Hello! There is an interesting problem. There is a set date, for example 2014-07-02. There is a table in the posts database, where the user adds one entry every day, and it’s something like this:

 +----+----------------------------------+------------+ | id | title | date | | 1 | Очень хороший день | 2014-07-10 | | 2 | Неплохой день | 2014-07-09 | | 3 | Хороший день | 2014-07-08 | | 4 | Могло быть и лучше | 2014-07-07 | | 5 | Не доделал что хотел | 2014-07-06 | | 6 | Забыл вчера написать | 2014-07-05 | | 7 | Начал следить за собой | 2014-07-03 | | 8 | Стартуем | 2014-07-02 | +----+----------------------------------+------------+

I need to display statistics for the last week, relative to that date, and display it to the user, the main indicator: var final = Missing entries this week - 0.

To solve this problem, I need to get the last 7 records, and compare them with the dates of the last 7 days.
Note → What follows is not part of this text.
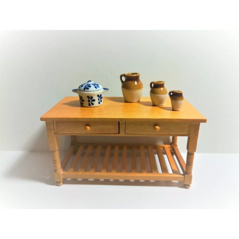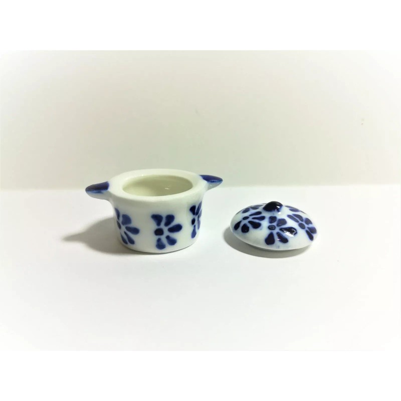 Bright deLights Dollhouse Miniature Large Glass Stock Soup Pot with Lid Blue & White 1:12 Scale

The task for the user is not to allow var final to be greater than 1. For me the task, if greater than 1 is the value, output the appropriate message.

I wrote a function in php, which receives an array of the last 7 days, but then I don’t know how to tie everything together:

 if ( ! function_exists('get_array_seven_day')) { function get_array_seven_day() { $array = array(); for($i=1;$i<8;$i++) { $array[] = date('d.m',strtotime(date('dmY H:i:s'))-60*60*24*$i); } return $array; } }
  • 3
    You go completely wrong from that end. Change the tag (mostly in your head :) from php to sql , PHP to solve the problem in general no side. Well, that is, you can teach the hare to smoke, but it is better to think in a different direction :-) - user6550
  • @klopp, I'm afraid to solve such a problem using SQL methods, for me a dark forest that I don’t even know how to enter. - chuikoff
  • @chuikoff if (! function_exists ('get_array_seven_day')) And if the function still exists? Wouldn't it be better at this moment to crash the application, instead of using the unknown? - etki
  • four
    If you need only! number: SELECT COUNT (id) AS totalFROM news WHERE DATE_ADD ( date , INTERVAL '1' WEEK)> = NOW (); Compare the result with the number of days in a week (on my planet it is 7) and that's it, don’t look for unnecessary problems. - dekameron pm

1 answer 1

Firstly, the table lacks the user identifier. You also need a unique key for the date + user. The table looks like this:

 CREATE TABLE `posts` ( `id` int(11) unsigned NOT NULL AUTO_INCREMENT, `title` varchar(255) NOT NULL DEFAULT '', `date` date NOT NULL, `user_id` int(10) unsigned NOT NULL, PRIMARY KEY (`id`), UNIQUE KEY `u_date_user_id` (`date`,`user_id`) ) ENGINE=InnoDB DEFAULT CHARSET=utf8;

Secondly, we receive both values ​​in one request - the number of specified and the number of unspecified days

 SELECT COUNT(DISTINCT `date`) AS set_counts, 7 - COUNT(DISTINCT `date`) AS unset_counts FROM `posts` WHERE `date` BETWEEN CURDATE() - INTERVAL 6 DAY AND CURDATE() AND user_id = 1;

In this query, we select the last 7 days from the current one. If you need to get the last calendar week, then first on php we calculate the date of the last resurrection and specify it in the request instead of CURDATE() .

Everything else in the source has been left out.